# Beer, Tie, Beer, Tie.....



## JRH (Mar 18, 2007)

.....I think I could get used to this tying fly shenanigans.

I decided I was going to start tying flies so I stopped by Orlando Outfitters this evening. Chris was very helpful and showed me the ropes. [smiley=thumbup.gif]


I started with some simple clousers tonite. Here are my first two:












Not that I needed a reason to drink beer before my trip to OO...but in the future, if I ever do need a reason, I can now go sit down at my desk and start tying.


----------



## Guest (Jan 25, 2008)

Very nice but I'm sure you would rather hear that from the "circle". 


Bheer sparks creativity.


----------



## tom_in_orl (Dec 9, 2006)

Very cool. How did you like Flies and Lies Thursday night get together they put on?


----------



## ucfsae81 (Dec 5, 2007)

very nice i need some in chartuese color now


----------



## JRH (Mar 18, 2007)

> Very cool. How did you like Flies and Lies Thursday night get together they put on?



They didn't have it last night. He told me they're gonna start it up again the 1st or 2nd Thursday in February. 

He's also gonna start some fly tying classes for beginner and advanced tying. I can't remember the exact details, but anyone can call him at the shop and get the info. Sounds pretty cool.


----------



## Spook (Apr 6, 2007)

Nice job. My first attempts were way crazier looking than that. Those will definitely catch some fish for you. As far as I'm concerned, beer, tie, beer, tie, etc. is the perfect way to wile away the time when when it's too windy/rainy to fish. Check out the Borski DVD's. Cool stuff, and they'll give you some good ideas for coming up with your own patterns.


----------



## deerfly (Mar 10, 2007)

Jason, those look excellent. Like spook said, my first attempts were pretty hideous too, hell even some of my recent stuff is pretty hideous.  Now go catch something on them and you'll be ruined for life to fish with anything but your own flies. - eric


----------



## iMacattack (Dec 11, 2006)

I don't get it... where are the pictures of the beer? ;D  

Nice work!

Cheers


----------



## JRH (Mar 18, 2007)

First couple attempts at seaducers. I think I need less material and maybe a little better selection in the size of saddles I pick out for the tail and body. The chartreuse has a loop weedguard, which was also my first attempt.


----------



## tom_in_orl (Dec 9, 2006)

Looks good. I would like to see how you make a weed guard properly. Anyone have pictures or a link?


----------



## ucfsae81 (Dec 5, 2007)

i really like the chartreuse and the size is good too b/c i haven't seen any that big before looks like they would work good


----------



## JRH (Mar 18, 2007)

> Looks good. I would like to see how you make a weed guard properly. Anyone have pictures or a link?

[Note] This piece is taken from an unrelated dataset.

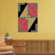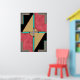 "Quad" features bold geometric symmetry with vibrant gold, aqua, and coral tones set against a sleek black backdrop. Its sharp lines and retro-futuristic aesthetic blend Art Deco and modern abstraction, making it a striking piece for lovers of sophisticated, geometric wall art.

Not a loop like I tied, but here is one example of a weedguard(and a great website with videos):
www.fishbuzz.tv (Click "Fly Fishing" --> "Tips" --> "Weed Guard")


Another website with pics:
http://flyfisherman.com/ftb/jgweedguards/index.html


----------



## deerfly (Mar 10, 2007)

Not trying to be critical because you are just getting started, but those tail hackles are a bit big. Almost look like wing feathers.  Not sure how you bought your hackle material, but the strung hackle bundles tend to run on the large side. When you get a neck patch where you have to pluck em out, you generally have a lot more variation to choose from. I like to have both around depending on what I'm doing, but especially for anything on a #1 hook or smaller the neck patches tend to be the better hackle source. 

Regardless, I bet you could get baby tarpon, trout, red's or jack's to eat one of them. Seaducers are one of my favorite flies. - eric


----------



## JRH (Mar 18, 2007)

Thanks for the tip, Eric. I'll take all the constructive criticism I can get. 

I noticed after tying the chartreuse seaducer that I got a little carried away in the tail section. My saddles are the strung bundles.


----------



## Guest (Feb 1, 2008)

This is a great thread. Thanks for sharing.


----------



## aaronshore (Aug 24, 2007)

Tied this Bonefish Bitters tonight. Came out ok for the first one. Not real good with epoxy yet. Whatcha think?


----------



## deerfly (Mar 10, 2007)

looks good to me, but then again I ain't a bonefish.


----------



## jbuch1 (Feb 17, 2007)

JRH,

Just further compliments here. The clousers look really good.
I need to get back at it again. thanks for sharing.
Kevin


----------



## JRH (Mar 18, 2007)

Went down to Flamingo this past weekend.

Got my first ever snook on fly and it was also my first fish caught on a fly I tied - olive and white clouser. Pretty cool.











There is a fish in that picture...you might have to put on your glasses and squint really hard.


----------



## Spook (Apr 6, 2007)

That's awesome man. My first red on a fly I tied was half that size. It literally was the smallest red I've seen to date, but it came with such a feeling of accomplishment. Here's to that little dude being the first of many. [smiley=1-beer.gif]


----------



## deerfly (Mar 10, 2007)

Congrat's Jason.  The size of the fish doesn't matter as much as trying to catch them on a fly and one you tied at that. The bigger fish will come in time and its probably better to have a little practice on the smaller ones first.  My last couple of trips down there produced a lot of juvenile snook too, maybe the most I can ever remember, which I think is good. Means they're breeding well and the little jewfish aren't eating everything in sight.  The big ones are around though, you just have to find mangroves with good current flow and at least a couple feet of water depth and deeper water close by.


----------



## JRH (Mar 18, 2007)

Trying a few new patterns that are easy for a beginner.

Flats Bunny (This one produced a red on the Lagoon last Sunday)











The Inhaler (for juv. tarpon in the keys this summer)











Merkin style crab (I need to get a wire brush to fluff out the yarn better)


----------



## deerfly (Mar 10, 2007)

lookin' good, how many beers were required?


----------



## JRH (Mar 18, 2007)

> lookin' good, how many beers were required?


Lost track. I find that's easy to do while sitting at the vise....and it also explains why some of my flies look like fur balls coughed up by a cat the next morning. [smiley=40s.gif]


----------



## Spook (Apr 6, 2007)

A lot of them are supposed to look like that. ;D


----------